Project Curacao Operational

Project Curacao
Open Project Curacao Box Right Before Deployment

Project Curacao has now been down in the Caribbean for two weeks now.  We’ve had some issues but they have been resolved.  We are writing an article for MagPi magazine describing all of our issues with the box and the wind turbine.  Major points are:

1) Minor problems with the box and shipment.  Loose grounds, unplugged sensors (looks like the TSA picked up the box by the outside temperature sensor).  No problem at all with the TSA.  We put in a letter in the box describing the project and copies of articles we had written and it went through with no problems.

Pre-installation Checkout


2) The special hardware to mount the box to the tower did not fit.  We had to strap it to the tower and orient the solar panels perpendicular to the ground.  

Mounting Platform
Installation
Installed Project Curacao

 




3) Lower solar power than design.  The strapping on the side of the tower would work in Idaho (45 degrees latitude) but gives very little power in Curacao (12 degrees latitude).  The problem with this was not with the Raspberry Pi.  It was with the Battery Watchdog Arduino.  We adjusted the run time of the Pi with the Arduino to fit the available power.  However, the Arduino is meant to run 100% of the time and the behavior of the Arduino is ill-defined in very low battery conditions.  It would glitch the real time clock which gave some very random behavior. 

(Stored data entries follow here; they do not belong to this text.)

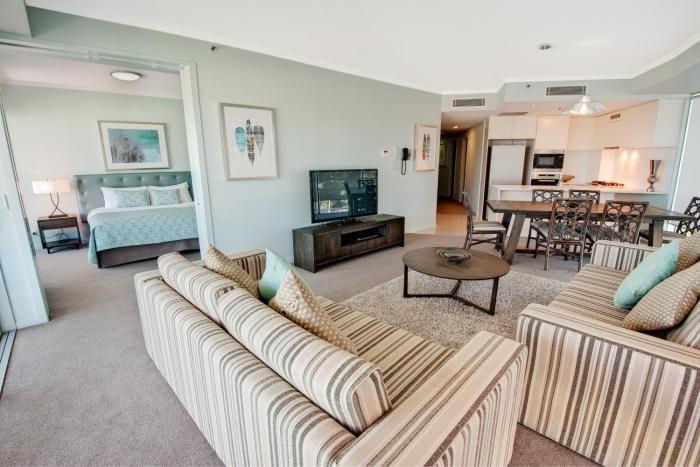 We had a corner front apartment , so nice view to beach and around side of building. Apt was clean and comfy, spacious with two rooms and another smaller lounge with fold out bed. Spa and pool area...
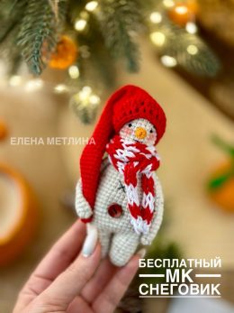 Этот милый снеговичок, связанный с любовью, согреет ваше сердце. Его ярко-красная шапка и шарф придают ему праздничный вид, а маленькая морковка-нос добавляет о...
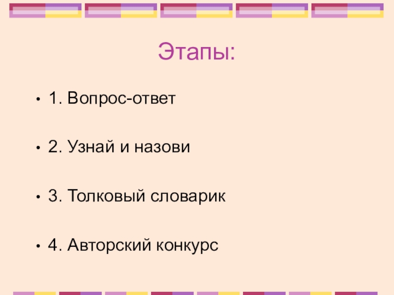Этапы:1. Вопрос-ответ2. Узнай и назови3. Толковый словарик4. Авторский конкурс
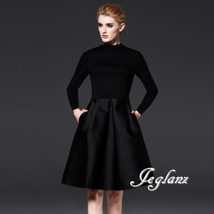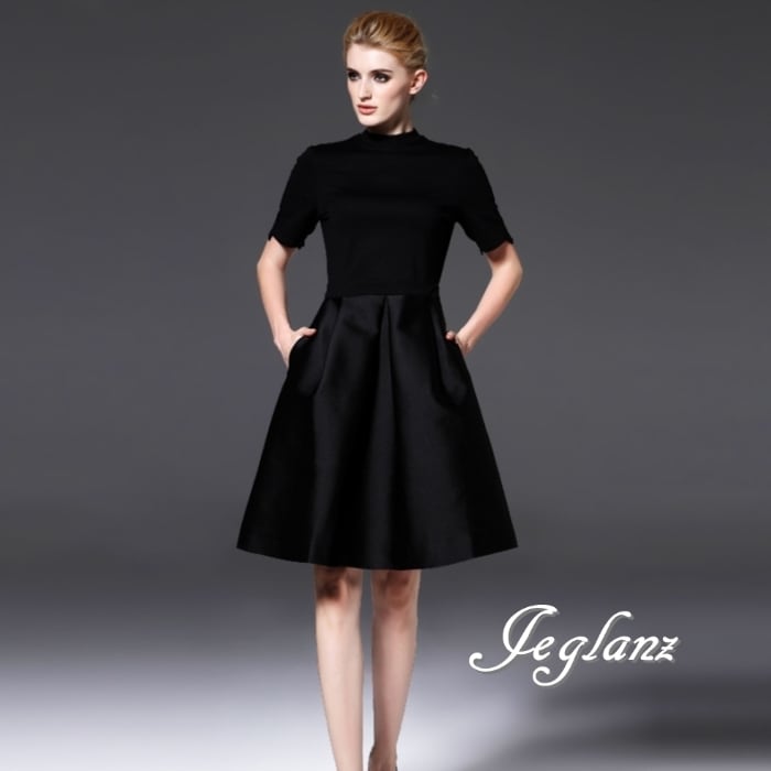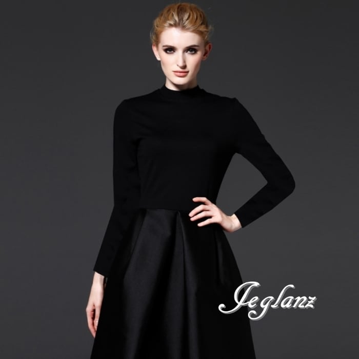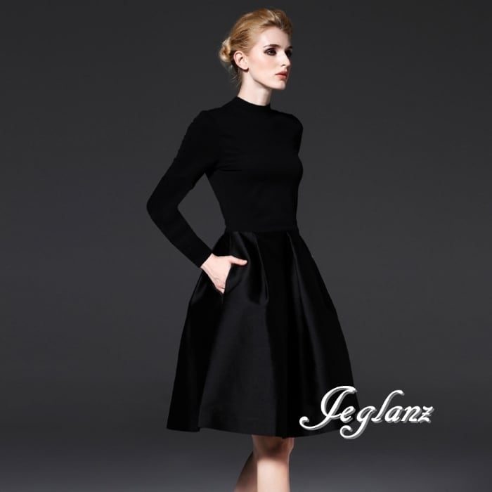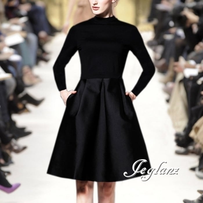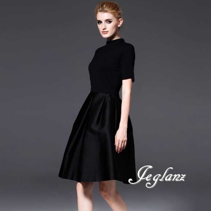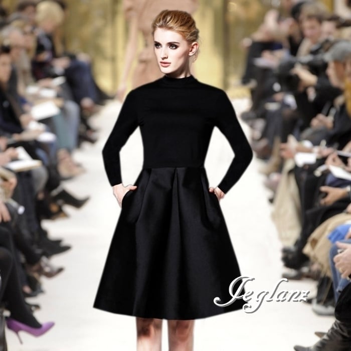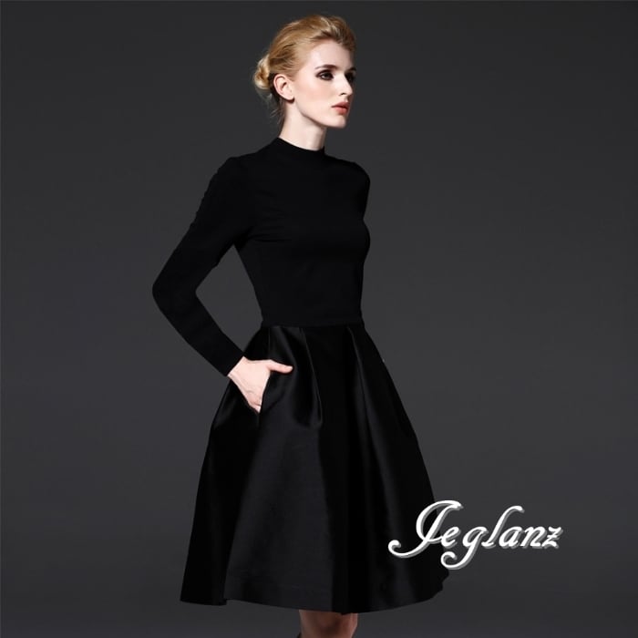パーティ ブラック ドレス ハイネック クラシカル 長袖/半袖(MB452)ζ☆
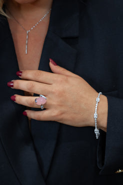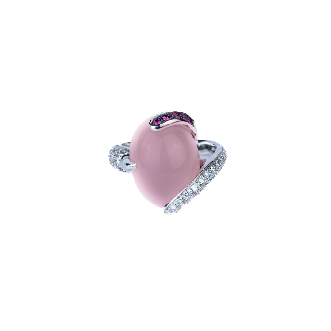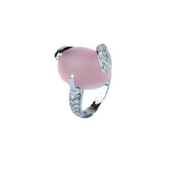 Bague de la collection Cinq C, création unique, or blanc 18 carats 750/1000, sertie d'un Quartz Rose Cabochon, de 41 Diamants pour 0,23 carats et de 5 Saphirs Roses pour 0,11 carats.
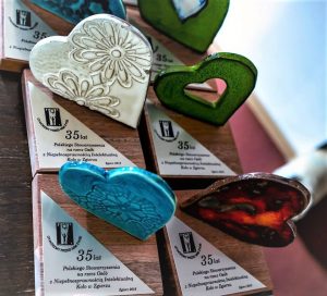 Niezwykle ważnym punktem wydarzenia było wręczenie podziękowań dla osób, które na przestrzeni 35 lat aktywnie wspierały PSONI Koło w Zgierzu w realizacji misji, która brzmi:,, Patrz na moją siłę, a nie na słabość, dzisiaj zrobiłem to, co wczoraj było niemożliwe”. Kapituła Zarządu Głównego PSONI reprezentowana w Dniu Jubileuszu przez p. Monikę Zima-Perjaszewską – Prezeskę Zarządu Głównego PSONI wyróżniła Bank Spółdzielczy w Zgierzu oraz Starostwo Powiatowe w Zgierzu szczególnymi statuetkami Kulami Doskonałości wraz Dyplomem Honorowym, zaś medalami ,,Wiernie i Wytrwale” – p. Elżbietę Szwajcer, p. Wandę Pilarczyk, p. Jolantę Łaziczną, p. Annę Milczarek p. Piotra Owczarczyka, p. Zygmunta Matusiaka oraz p. Andrzeja Milczarka. Wszyscy goście otrzymali przygotowane przez uczestników Warsztatów Terapii Zajęciowej PSONI Koło w Zgierzu okolicznościowe ceramiczne statuetki. Część oficjalną obchodów na ulicy Chełmskiej zakończono poczęstunkiem, podczas którego w kuluarach intymnymi, radosnymi, niekiedy bolesnymi i smutnymi przeżyciami dzielili się rodzice podopiecznych, byli i obecni pracownicy PSONI Koło w Zgierzu.
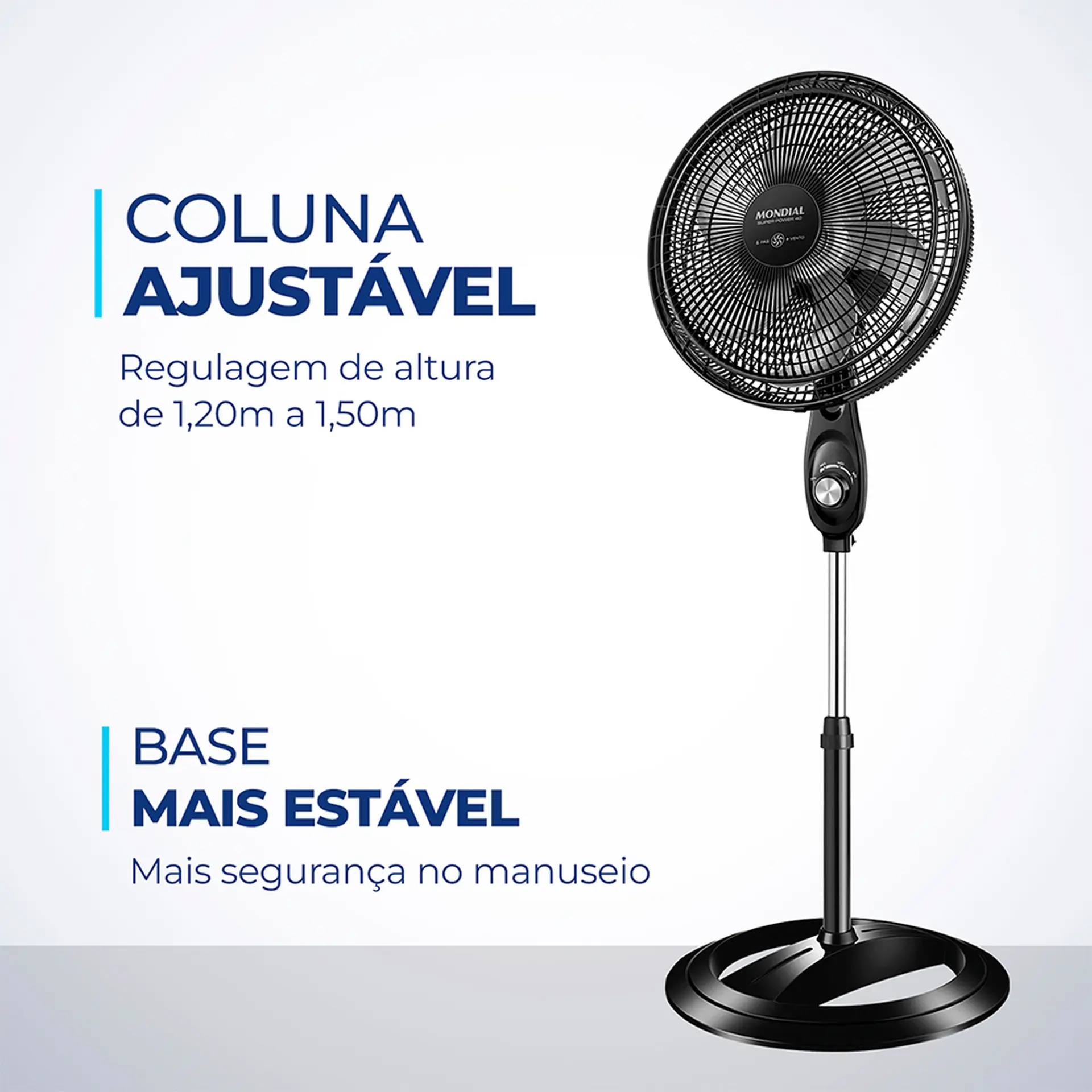 O ventilador de coluna Super Power VSP-40C-NB possui 40 cm de diâmetro e hélice com 6 pás, garantindo um ambiente mais refrescante e agradável. Com coluna ajustável entre 1,19 e 1,50 metros, o aparelho permite ajuste da altura do vento. O sistema de ventilação da Mondial apresenta baixo nível de ruído, assegurando o silêncio necessário para uma excelente noite de sono. Saiba mais sobre o VSP-40C-NB da Mondial:
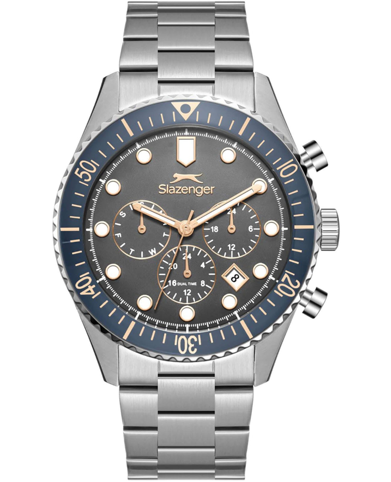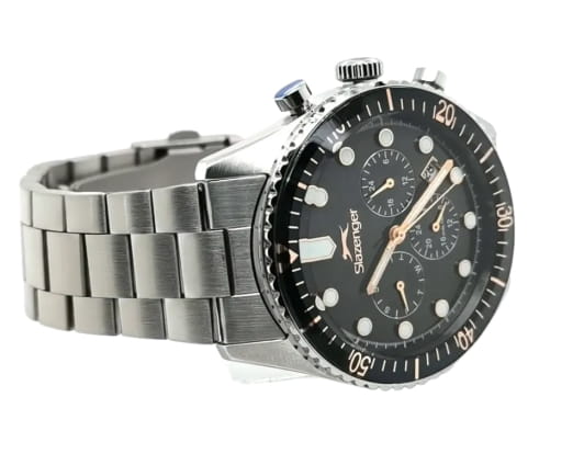 Мужские кварцевые часы Slazenger — это выразительный и функциональный аксессуар. Корпус диаметром 43 мм и толщиной 12 мм выполнен из нержавеющей стали 316L. Циферблат чёрного цвета оформлен индексами и стрелками. Циферблат защищён минеральным стекломМинеральное стеклоМинеральное стекло представляет собой искусственно выращенный минерал кварца. Такое стекло отличается особой устойчивостью к повреждениям и царапинам. Уступает по некоторым качествам сапфировому стеклу.. Механизм — кварцевый. Часы оснащены индикацией дня недели, даты, 12/24-часового формата времени и функцией второго часового пояса (GMT)Второй часовой поясФункция, позволяющая отображать время двух часовых поясов одновременно.. Окошко даты расположено между 4 и 5 часами. Стрелки и метки с люминесцентным покрытиемЛюминесцентное покрытиеПозволяет считывать показания времени в темноте. Производители наносят на стрелки, часовые индексы, безель или поверхность циферблата светонакопительный состав, дающий холодное свечение., обеспечивающим хорошую читаемость в темноте. БезельБезельВнешний ободок, закрепляющий стекло. В спортивных часах так называется поворотное кольцо с делениями на циферблате, выполняет роль таймера – замеряет отрезки времени на шкале. Неподвижный безель – элемент декора. Однонаправленно вращающийся безель на дайверских часах позволяет фиксировать моменты погружения и выныривания на поверхность. с IP-покрытиемIP-покрытиеМетод ионного напыления. Демонстрирует повышенную устойчивость к истиранию, окислению и химическим веществам. Под воздействием высокого давления и температуры около 1500°C молекулы металла надёжно соединяются с частицами корпуса часов.. Часы оснащены стальным браслетом с раскладной застёжкойРаскладная застёжкаТакой тип застёжки используется только на браслетах из металла. Она никогда не раскрывается полностью, происходит разделение на 2 и более частей. Раскладывающая застёжка снизит вероятность потери часов к минимуму.. Водонепроницаемость 100 м позволяет использовать часы для плавания и повседневного ношения. Гарантия — 12 месяцев. Идеальный выбор для тех, кто ценит стиль, функциональность и качество.
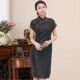 真丝弹力缎中式立领中长款旗袍连衣裙中式改良妈妈夏装休闲裙子女
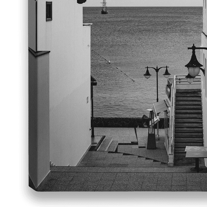 Gasse auf Lanzarote mit Schiff in der Ferne

We fixed this by moving the box down off the tower and onto the roof until we get a new mounting platform.

 
Arduino Control Screen

Note on the RasPiConnect  (www.milocreek.com) screen above you can see the Arduino battery voltage going down and down and down until we turned it off for a few days and moved it to the roof.

Here is a picture from the box’s new location (again from RasPiConnect):

Camera Subsystem Control Screen


Here is a picture of the box in it’s new happy place.

 
Relaxing in the Caribbean – but with Power



4) The wind turbine worked as predicted by our models.   We switched on the turbine at night to provide a trickle charge to the main computer. We got about 60 – 90ma of current at 15MPH.  No where close to the 200-300ma it takes to run the Pi.  However, a wind storm came through and destroyed the turbine about a week after installation.  Note that the turbine popped out of the stand and throughly destroyed itself.  We think that is was a sympathetic vibration with a particular wind speed (much like the “Galloping Gertie” Tacoma Narrows bridge) since we observed that the stand was flexing in the wind.  We will either prevent the next turbine from popping out or stiffen the stand to prevent the flexing or possibly both.

Destroyed Wind Turbine


We plan to replace the turbine and get a new mounting platform for our September 2014 maintenance trip to Curacao.